I tend to think most regular folks consider an economy to be in recovery only when consistent job growth starts, and this is probably a really good definition. And just because a recession has ended does not by definition mean that a recovery has begun. Because of this, I think a look at prior recessions-jobs recoveries is a good exercise, and the Boston Fed has done some research for us:

Prospects for Employment: Evidence from Prior Recoveries
As we begin a new year, financial markets are in a much better state than they were a year ago.  Interest spreads reflecting a “panic premium” on risk have narrowed to more normal levels, markets have resumed much more normal trading patterns, and the Federal Reserve is likely to be able to wind down many of its emergency lending facilities without any adverse impacts, as soon as next month - as the Federal Open Market Committee affirmed in its statement last month.

But despite the improvement in financial conditions, the recovery in the real economy has proceeded more slowly - with the declines in the first half of 2009 turning to slow but positive growth in the third quarter, and what appears to be stronger growth in the fourth quarter. This is resulting, in part, from firms less aggressively cutting inventories as their sales prospects improve.[Footnote 1]

In sum it seems to me that growth will be positive, but slow enough that unemployment remains much higher than I would like.  I would be happy if in hindsight it is clear I have been too pessimistic.  But as I see it, the economy faces three significant “headwinds.”

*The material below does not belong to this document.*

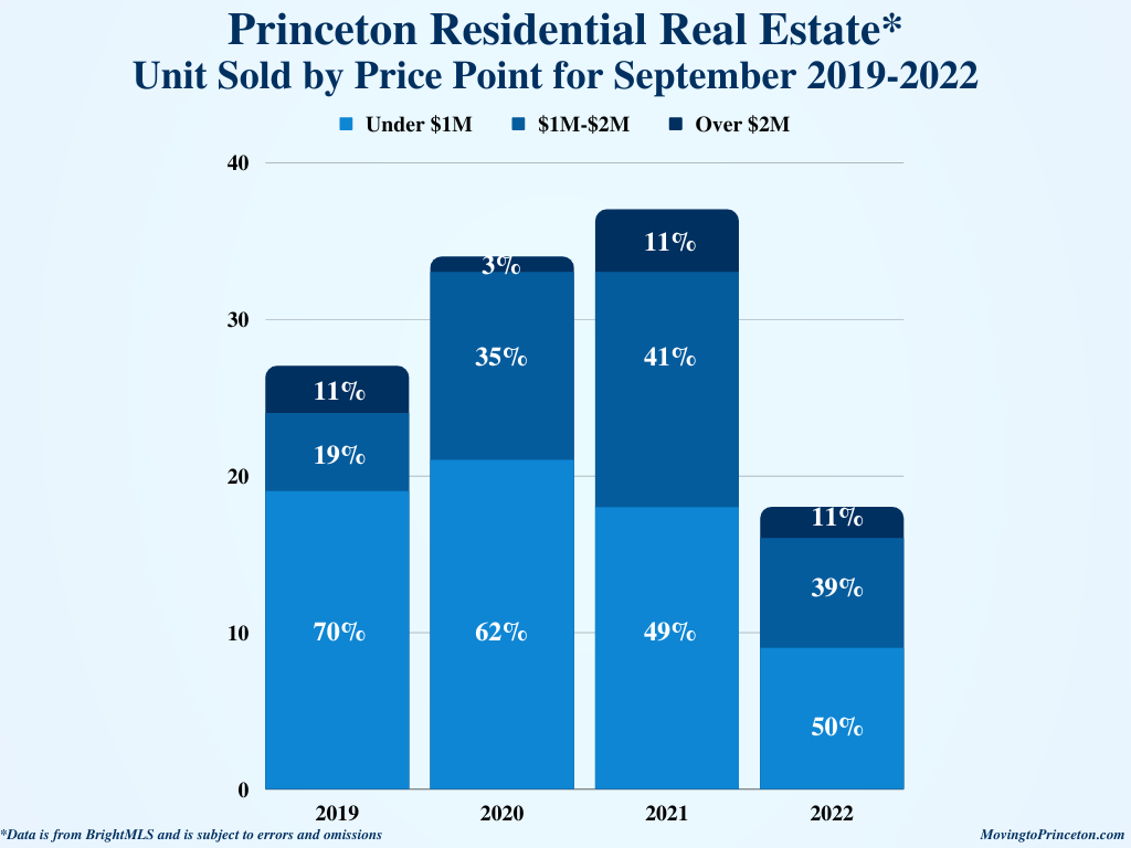 Given the extraordinary Princeton residential real estate pandemic-related market activity in the last two years, the September 2022 data that I am about to share is going to sound pretty remarkable. And like last month, I thought it would be helpful to provide years worth of data in order to include the last pre-pandemic year for better context and a richer analysis. So let’s get to it.

First, while the banking crisis has passed, banking problems remain.  Most economies that experience significant banking problems have been slow to recover, and that is likely to be true this time in the U.S.  Loans at banks have declined over the past several quarters, as many businesses are constrained by their balance sheets and reluctant to take on new debt.[Footnote 2]  Many banks are also concerned with their balance sheets - and particularly their capital ratios[Footnote 3] -- and have restrained their terms of lending to avoid taking on too much additional risk, given that they are still working through problems with existing loans.

Second, consumers and businesses will likely remain cautious - which is consistent with positive but slow growth. Consumption will continue to be subdued, as consumers are fully aware that housing prices are well off their peak, unemployment rates are high, and home foreclosures are continuing.  Consumer caution and the desire to rebuild savings will likely result in some increase in the savings rate, which is of course good in the long run but dampens growth in the short term.  Many businesses seem likely to only gradually expand investment, at least until they are more confident that the economy will continue expanding even after some of the stimulative government support winds down.  Also, many businesses may be limited in how much external funding they can raise.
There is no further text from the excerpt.